The lower one, which I assume is Quick Find, is at least an order of magnitude slower than the upper one, which is fast.
I've had to look at monster(runaway) log files (20+ GB). I used hexedit FREE version which can work with any size files. It is also open source. It is a Windows executable.
Jeff Atwood has a post on this here: http://www.codinghorror.com/blog/archives/000229.html
He eventually went with Edit Pad Pro, because "Based on my prior usage history, I felt that EditPad Pro was the best fit: it's quite fast on large text files, has best-of-breed regex support, and it doesn't pretend to be an IDE."
Instead of loading a gigantic log file in an editor, I'm using Unix command line tools like grep, tail, gawk, etc. to filter the interesting parts into a much smaller file and then, I open that.
On Windows, try Cygwin.
Have you tried context editor? It is small and fast.

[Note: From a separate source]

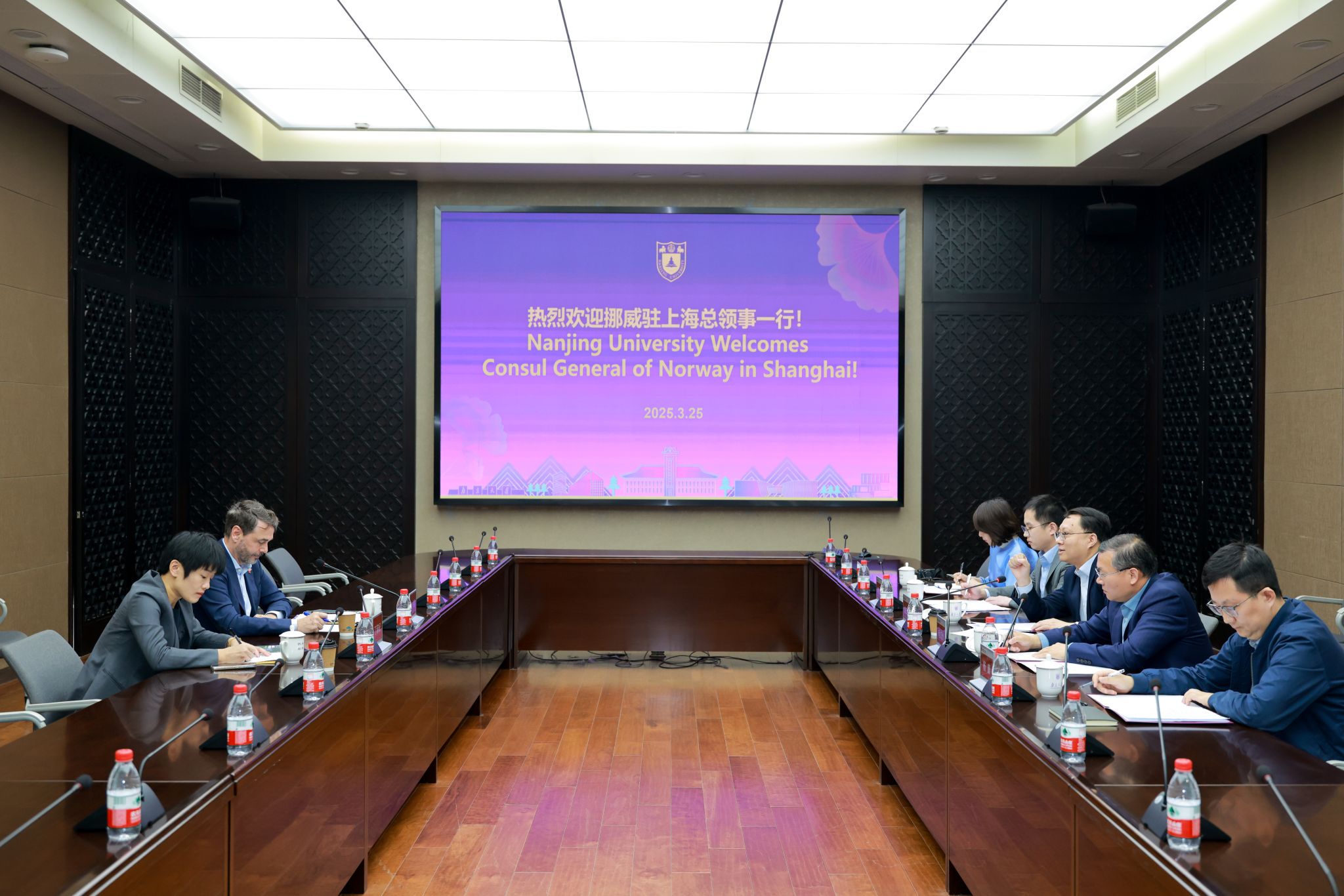 On the morning of March 25, 2025, Chen Yunsong, Deputy Chair of NJU CPC Council met with Tobias F. Svenningsen, Norwegian Consul General in Shanghai, and his delegation on Xianlin campus. Both parties engaged in a deep discussion on enhancing Sino-Norwegian cooperation in education, culture, and scientific research.
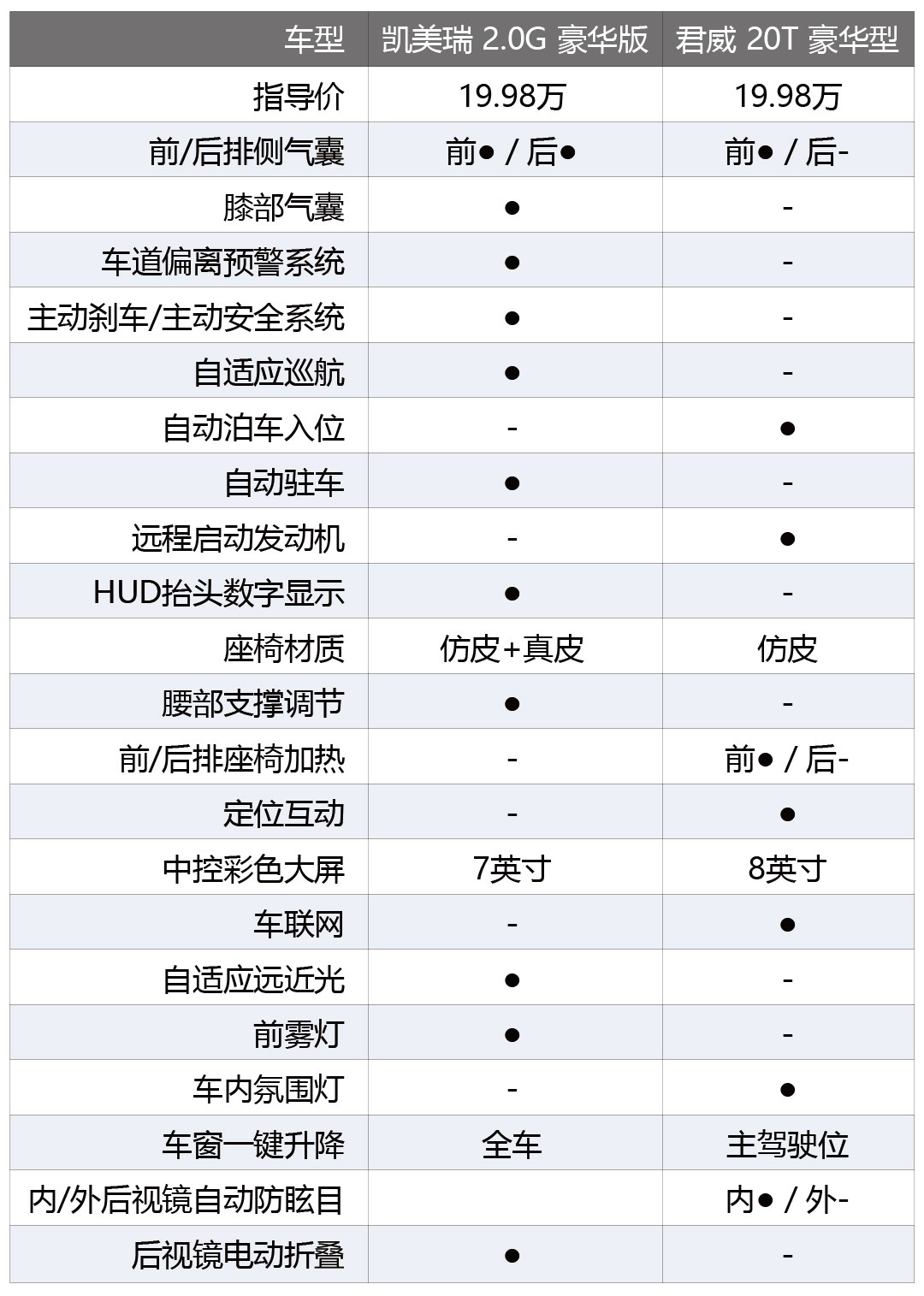 凯美瑞在配置方面的优势比较明显,特别是安全配置方面,以指导价同为19.98万的凯美瑞2.0G豪华版和君威20T豪华型对比,凯美瑞比君威多了后排侧气囊、膝部气囊、车道偏离预警系统、主动刹车等安全配置,其他科技配置方面虽然双方各有优势,但总体上还是凯美瑞的配置更丰富,值得一提的是,10安全气囊、LED大灯、LED日行灯、自动头灯和前雾灯等都是凯美瑞的标配,配置确实够厚道。

I Stumbled on this post many times, as I often need to handle huge files (10 Gigas+).
After being tired of buggy and pretty limited freeware, and not willing to pay fo costly editors after trial expired (not worth the money after all), I just used VIM for Windows with great success and satisfaction.
It is simply PERFECT for this need, fully customizable, with ALL feature one can think of when dealing with text files (searching, replacing, reading, etc. you name it)
I am very surprised nobody answered that (Except a previous answer but for MacOS)...
For the record I stumbled on it on this blog post, which wisely adviced it.
It's really tough to handle a 4G file as such. I used to handle larger text files, but I never used to load them in to my editor. I mostly used UltraEdit in my previous company, now I use Notepad++, but I would get just those parts which i needed to edit. (Most of the cases, the files never needed an edit).
Why do u want to load such a big file in to an editor? When I handled files of these size, I used GNU Core Utils. The most common operations i performed on those files were head ( to get the top 250k lines etc ), tail, split, sort, shuf, uniq etc. It's really powerful.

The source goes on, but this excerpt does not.